5Turn It Up When You Orgasm
"There are also a lot of people who feel that by vocalizing their sensations, they’re able to amplify the sensation itself," says Morse. "Letting out a noise when you approach orgasm can deepen the sensations of the impending orgasm — so definitely don’t hold back." You won't have much self-control at this point anyway, so it's a good time to figure out what kind of noise comes naturally.
6Put On Music
If you feel self-conscious about what sounds might come out, O'Reilly suggests putting on music so that you don't hear them. Then, you can just focus on how they make you feel. "You might also play porn in the background so that their sounds are louder than your own — you can create a symphony of erotic sounds," she says.
After all this, noises still might not come to you. That's OK. Noises don't come naturally to us in everyday conversation either, but we still communicate using words. You can do the same thing during sex. "You don’t have to talk dirty, but try uttering simple one or two syllable words during sex, e.g. 'Yes,' 'More,' 'Ugh,'" says O'Reilly.

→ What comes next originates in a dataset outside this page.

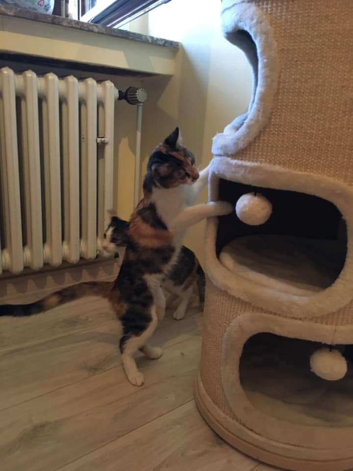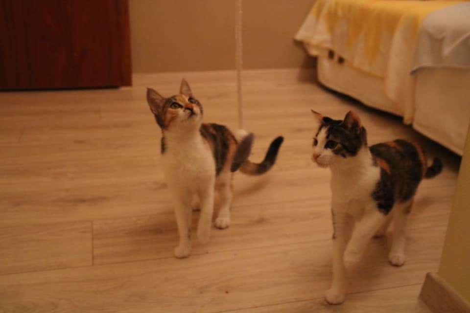 Eingeschnürt in eine Plastiktüte und entsorgt wie Abfall haben sie um ihr Leben geschrien, was zum Glück von einer nahebei wohnenden Hotelbesitzerin gehört wurde. Diese rettete die Kleinen vor dem drohenden Erstickungstod, aber damit waren sie ja längst nicht über den Berg. Viel zu klein und zu schwach mussten sie von einem katzenerfahrenen Ehepaar mit der Flasche großgezogen werden. Aber auch der Weg war von Frustration geprägt, denn drei Kitten verstarben trotz aller Fürsorge in den ersten Wochen. Die beiden Mädchen aber haben es geschafft und sind zu verspielten Katzen herangewachsen. Sie haben auf Syros in einer gemischten Gruppe gelebt und sind gut sozialisiert.

8Compliment Your Partner's Noises
You might feel more comfortable making noise if your partner is doing the same thing. Plus, having a loud, enthusiastic partner can be lots of fun. "If you’re looking for your partner to make some more noise in bed, let them know how much you love when they do," says Morse. "Say, 'hey — I really love when I can hear your breath pick up during sex' or 'you know what gets me going? When you let out a little moan. It lets me know that I’m doing something right.' Fawn over their small sounds, and they’re likely to get bigger over time."
"Sounds not only have the ability to make you feel more pleasure and really indulge in the moment, but they let your partner know that you’re feeling great and that they’re doing something right," Morse says. "You’ll be pleasantly surprised at how much more satisfying sex can be when you try making a little noise. We all want to know that our partner is into it, and letting out some verbal cues will do just the trick."